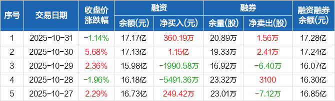 融资方面,当日融资买入2.66亿元,融资偿还2.62亿元,融资净买入360.19万元。融券方面,融券卖出3.29万股,融券偿还1.73万股,融券余量20.89万股,融券余额1175.29万元。融资融券余额合计17.28亿元。
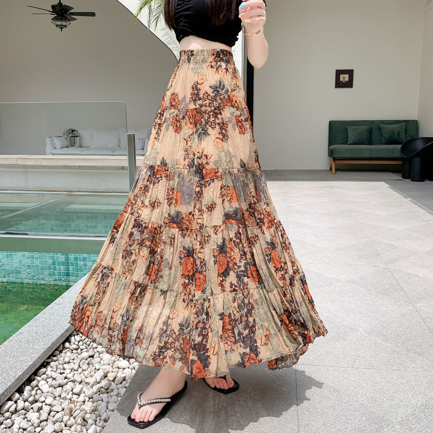 复古撞色碎花半身裙女2024夏季新款百褶裙高腰时尚飘逸雪纺褶皱裙
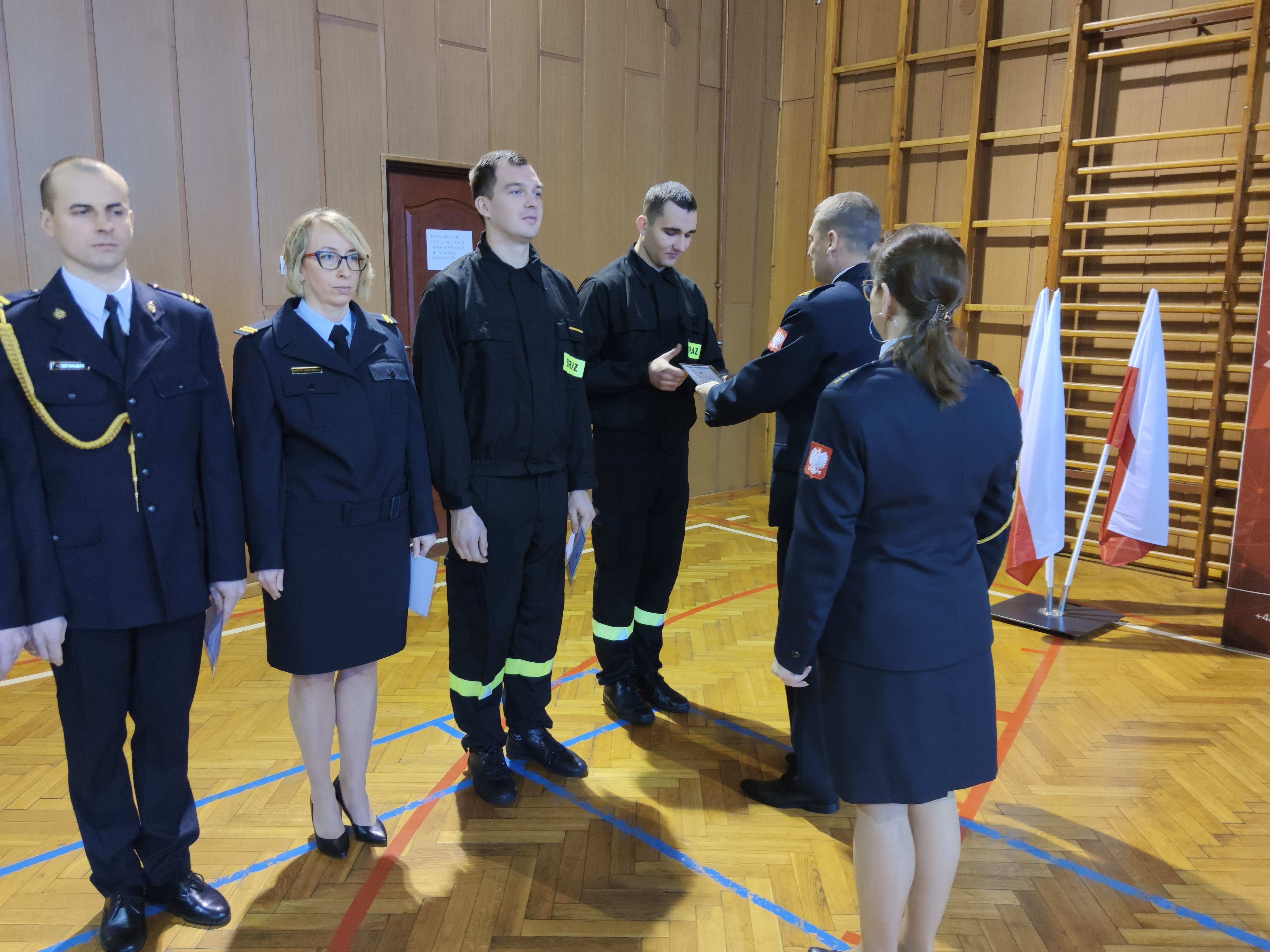 „Ja, obywatel Rzeczypospolitej Polskiej, świadom podejmowanych obowiązków strażaka, uroczyście ślubuję być ofiarnym i mężnym w ratowaniu zagrożonego życia ludzkiego i wszelkiego mienia – nawet z narażeniem życia. Wykonując powierzone mi zadania, ślubuję przestrzegać prawa, dyscypliny służbowej oraz wykonywać polecenia przełożonych. Ślubuję strzec tajemnic związanych ze służbą, a także honoru, godności i dobrego imienia służby oraz przestrzegać zasad etyki zawodowej.”
■ ■ ■ ■ ■ ■ ■
(Assignment)
Everything above except the pictures needs to be reproduced exactly.

(Solution for this exercise)
 融资方面,当日融资买入2.66亿元,融资偿还2.62亿元,融资净买入360.19万元。融券方面,融券卖出3.29万股,融券偿还1.73万股,融券余量20.89万股,融券余额1175.29万元。融资融券余额合计17.28亿元。
 复古撞色碎花半身裙女2024夏季新款百褶裙高腰时尚飘逸雪纺褶皱裙
 „Ja, obywatel Rzeczypospolitej Polskiej, świadom podejmowanych obowiązków strażaka, uroczyście ślubuję być ofiarnym i mężnym w ratowaniu zagrożonego życia ludzkiego i wszelkiego mienia – nawet z narażeniem życia. Wykonując powierzone mi zadania, ślubuję przestrzegać prawa, dyscypliny służbowej oraz wykonywać polecenia przełożonych. Ślubuję strzec tajemnic związanych ze służbą, a także honoru, godności i dobrego imienia służby oraz przestrzegać zasad etyki zawodowej.”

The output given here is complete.